Saturday, August 01, 2009

It is not good for man to be alone






The fifth book of Emile begins the “last act of Emile’s youth.” Which is described as follows: “Il n’est pas bon que l’homme soit seul, Émile est homme ; nous lui avons promis une compagne, il faut la lui donner.” This borrowing from Genesis, with Rousseau as the “we” and Emile as Adam presents us with a problem that is traditionally solved by simply extracting the concepts, here, connecting them to this “we”, and making out as if Rousseau were writing a treatise. The literary is a sort of small bend in the fall of the conceptual atoms, but nothing to worry about, if we go at this narrative as a thing that can be reduced to an exempla derived from the principles of practical reason.

However, enough - I've beaten this subject enough in the last post. Rather, here's the point: meditating on this not exceptional allusion to the creation story, we find we are faced with the true oddity of the project outlined in this book: this is a re-creation story in which Emile is and can’t be Adam. That he can’t be is clear enough – Rousseau has been clear throughout the book that there is an existing, intrusive society with which Emile will have to deal. Any education he receives will have to, in some way, work to insert him in that society. And yet that society is laced through with corruption in such a way that it isn’t clear that Emile will succeed in that society. And yet here, again, we have the Adam motif, for was Adam created to succeed in Eden? The story has always been unclear, always been related to many other stories in many other cultures about the peculiar fear that man evokes in the Gods.

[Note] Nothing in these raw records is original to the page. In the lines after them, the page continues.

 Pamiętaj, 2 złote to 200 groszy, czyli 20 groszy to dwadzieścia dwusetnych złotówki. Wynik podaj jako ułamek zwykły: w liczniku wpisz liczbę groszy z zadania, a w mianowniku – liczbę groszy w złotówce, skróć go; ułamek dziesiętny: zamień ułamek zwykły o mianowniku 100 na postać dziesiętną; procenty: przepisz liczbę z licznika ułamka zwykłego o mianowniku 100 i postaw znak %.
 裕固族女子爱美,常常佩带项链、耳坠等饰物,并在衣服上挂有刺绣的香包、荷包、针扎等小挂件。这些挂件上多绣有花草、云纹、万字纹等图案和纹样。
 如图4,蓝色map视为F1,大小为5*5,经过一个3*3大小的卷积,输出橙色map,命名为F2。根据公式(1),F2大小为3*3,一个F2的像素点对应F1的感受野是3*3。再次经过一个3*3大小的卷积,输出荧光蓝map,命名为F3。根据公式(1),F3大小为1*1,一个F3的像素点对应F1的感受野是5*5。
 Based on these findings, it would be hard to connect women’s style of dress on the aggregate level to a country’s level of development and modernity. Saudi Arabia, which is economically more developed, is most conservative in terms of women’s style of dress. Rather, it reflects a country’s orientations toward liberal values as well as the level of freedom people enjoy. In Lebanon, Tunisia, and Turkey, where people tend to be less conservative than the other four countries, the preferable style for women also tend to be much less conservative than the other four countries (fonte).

Created to worship God, and yet hiding, the Gods suspect, the aspiration to overthrow the Gods, to become as God.

It is not good that man is alone. In the blank towards which that statement gazes, there appears a woman – made not from Emile’s rib, but from our idea of the woman Emile needs, Sophie.

And as Emile is educated to take his place as a man, so Sophie should be educated to take her place as a woman. And that place is firstly a negation – of the solitude that is not good for the man. Right away, then, that place is company – peculiarly defined by a lack in the man. And yet, the logical step beyond company would seem to be the space of company, the public space. This is, of course, not going to be the case for Sophie – because that space is inhabited, it turns out, with many men, for all of whom it is not good to be alone, and who thus seek out the negation of that solitude in woman.

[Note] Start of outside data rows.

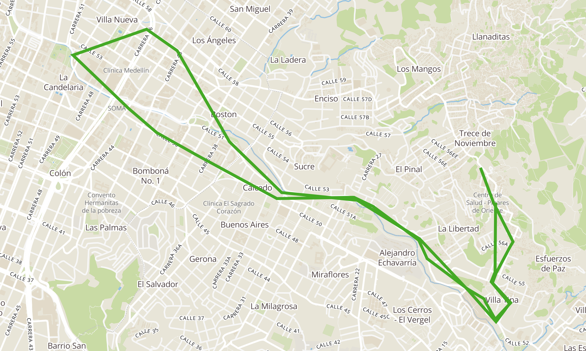 | Uva Sol De Oriente (Cr 23 - Cl 56h, Medellín) | Br. Villatina (Cr 17b - Cl 56e, Medellín) |
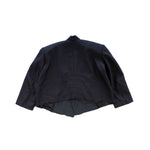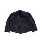 Balenciaga oversized tuxedo-style blazer jacket in a black wool-mohair blend with a satin peak lapel collar, a double-breasted front button closure with covered buttons, and a cropped and frayed hem.
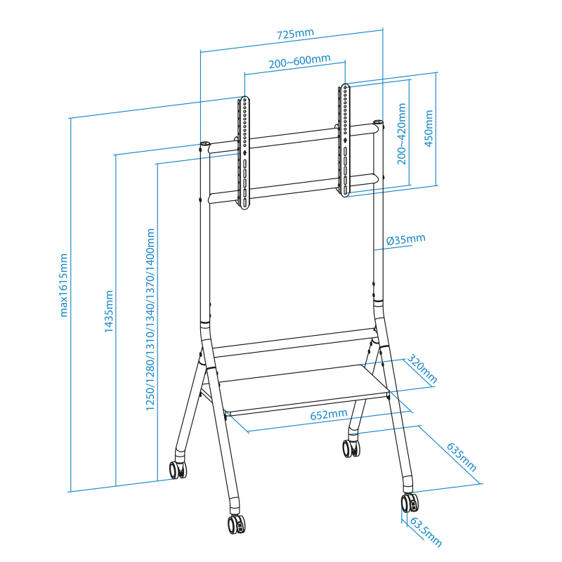 Pantallas de 37 a 86"/ VESA Max 600x400/ Hasta 80kg/ Bandeja inferior multiusos/ Ajustable en altura
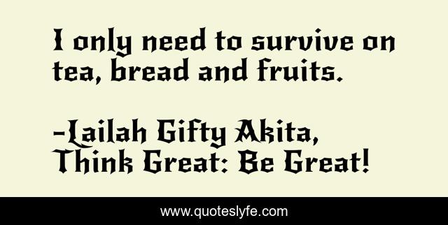 "Lailah Gifty Akita, Think Great: Be Great! Quotes." Quoteslyfe.com, 2025. Fri. 05 Dec. 2025. <https://www.quoteslyfe.com/quote/I-only-need-to-survive-on-tea-176955>.
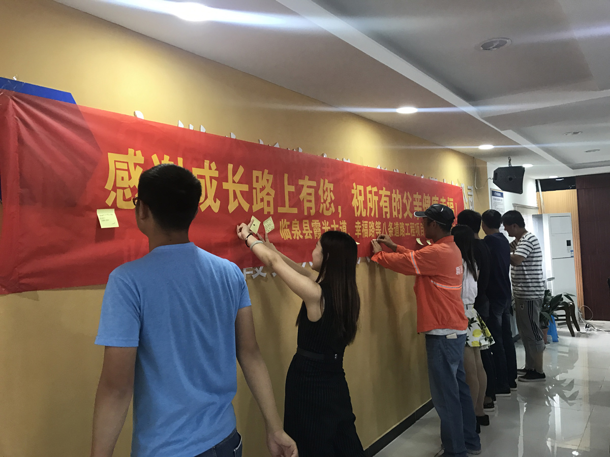 本次活动以多种形式展开,项目部员工每人或在便签上写下自己想对父亲说的话贴到条幅上,或是给父亲打个电话,送去温暖的话语,亦或是为父亲准备一份贴心的礼物。不管形式如何,都表达了大家对父亲浓浓的爱。
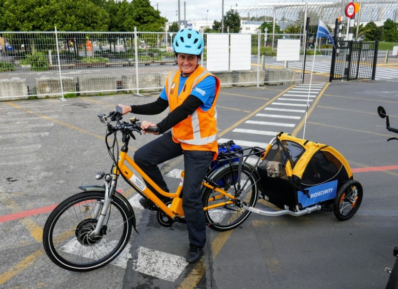 Auckland Council is one of those smart businesses that has invested in fleet bikes and importantly, on training and assessment to get more people introduced to ebikes in a way that they are safe and find the experience enjoyable. At one of those ‘encounters’ a discussion started with Meg Page (Electricmeg) and Liz Brooks, Senior Regional Advisor for Hauraki Gulf Biosecurity about possible ways to move the dogs and handlers around the city in a more sustainable but still safe way. Detector dogs are trained to sniff out predators, in this case to get and keep Hauraki Gulf Islands predator free. In practice, this means the Sealink vehicle ferries to Waiheke and Great Barrier Island and the passenger ferries to Waiheke and other islands. Sometimes inspecting house removals and other high-risk movements.
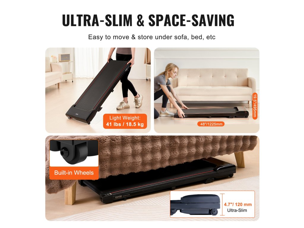 Futópadunk könnyen tárolható és szállítható. Könnyedén elhelyezheti a bútorok, például a kanapé vagy az ágy alatt. A beépített kerekek tovább fokozzák a hordozhatóságot, így szükség szerint kényelmesen mozgathatja.
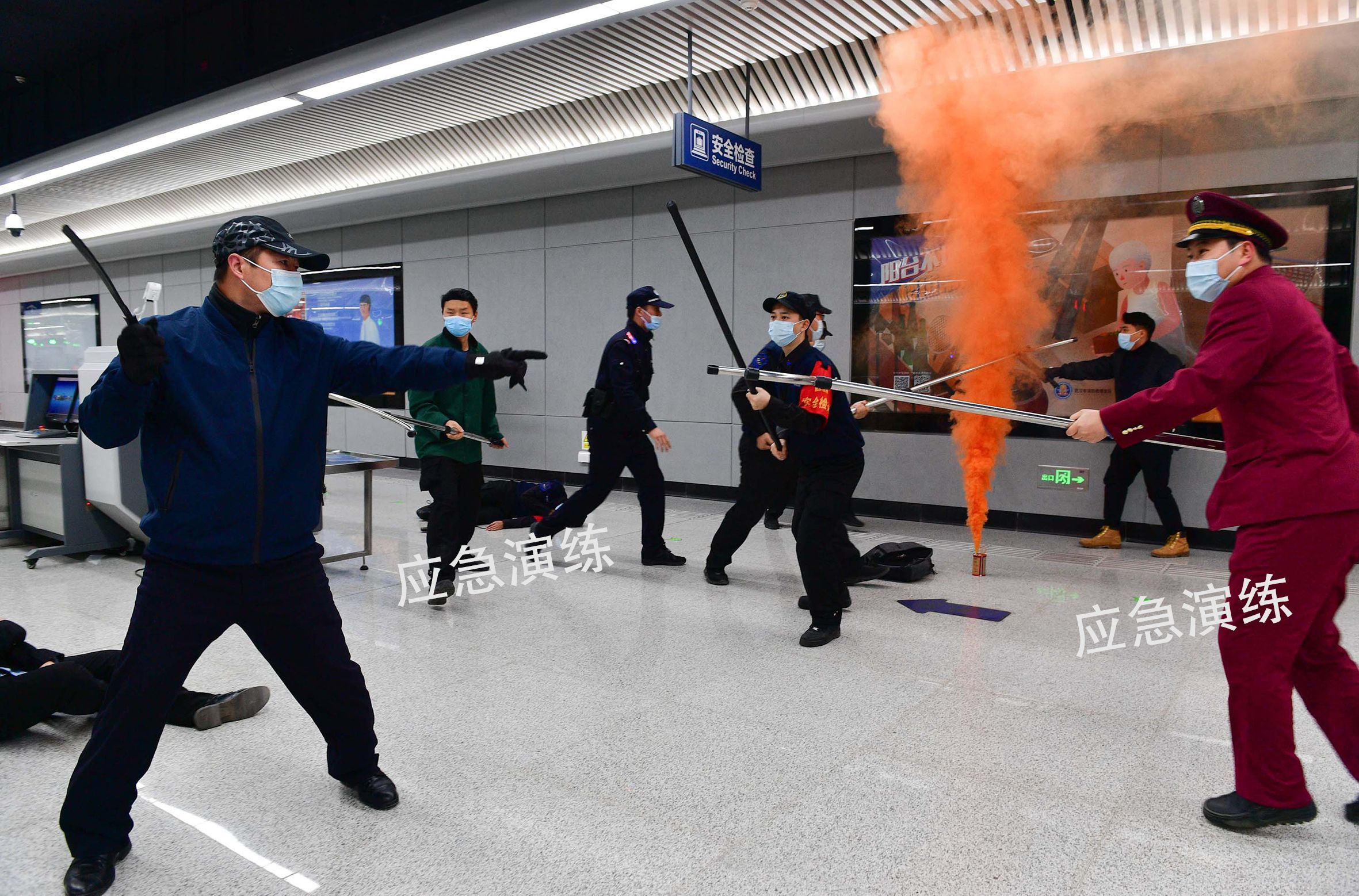 演练现场,地铁车站工作人员、驻站民警组利用钢叉、齐眉棍、盾牌等装备制服“扰乱安检秩序乘客”。记者李永刚 摄

What is not good about that solitude? I’ll leave that question open for the moment.

Rousseau does go on to remark on the difference between his Genesis and the lesson of Locke, who Rousseau is tracking – Locke, who writes that not it is time for his gentleman to marry. Since I do not have the honor of raising a gentleman, Rousseau says, I will refrain from imitating Locke in this.

As for women: we can see that her first appearance, here, is as a negation, a necessary supplement, as pure company, as though, from the beginning, she is not alone. We can already see that this creation story is turning in the hands of its creator, and not exactly where those hands want it to go. This notion of women as company, as, on the primary level, a companion, will certainly determine woman’s education. But the denial of solitude in that first diktat will always fuck it up. Woman’s solitude will slide and hide under the hands of that creator and find their place in spite of his hands, ultimately corrupting woman’s companion-ship and throwing into question the education/creation of both Emile and Sophie.

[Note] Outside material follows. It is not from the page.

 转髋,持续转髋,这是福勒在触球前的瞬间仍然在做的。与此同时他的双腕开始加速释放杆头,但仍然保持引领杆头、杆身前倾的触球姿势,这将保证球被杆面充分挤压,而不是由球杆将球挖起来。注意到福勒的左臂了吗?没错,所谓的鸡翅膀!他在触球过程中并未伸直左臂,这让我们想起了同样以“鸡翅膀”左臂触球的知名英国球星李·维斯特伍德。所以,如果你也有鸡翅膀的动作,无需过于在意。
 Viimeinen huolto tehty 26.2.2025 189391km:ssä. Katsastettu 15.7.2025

“Sophie ought to be a woman as Emile is a man, that is to say, have all that is conformable to the constitution of her species and her sex in order to fill her place in the physical and moral order. Thus, let’s being to examine and conformities and differences of her sex and of ours.”

1 comment:

Roger Gathmann said...

I think this is the right note. I have found the clue, here, to the place of women in the rise of the happiness culture - which, in one way, was a huge advance for women, whether bourgeois, proletariat, or peasant. And on the other side, was from the beginning distorted by the remnants of the traditional definition of women as dependents that was shaken off, and renewed itself, in every stage of my history.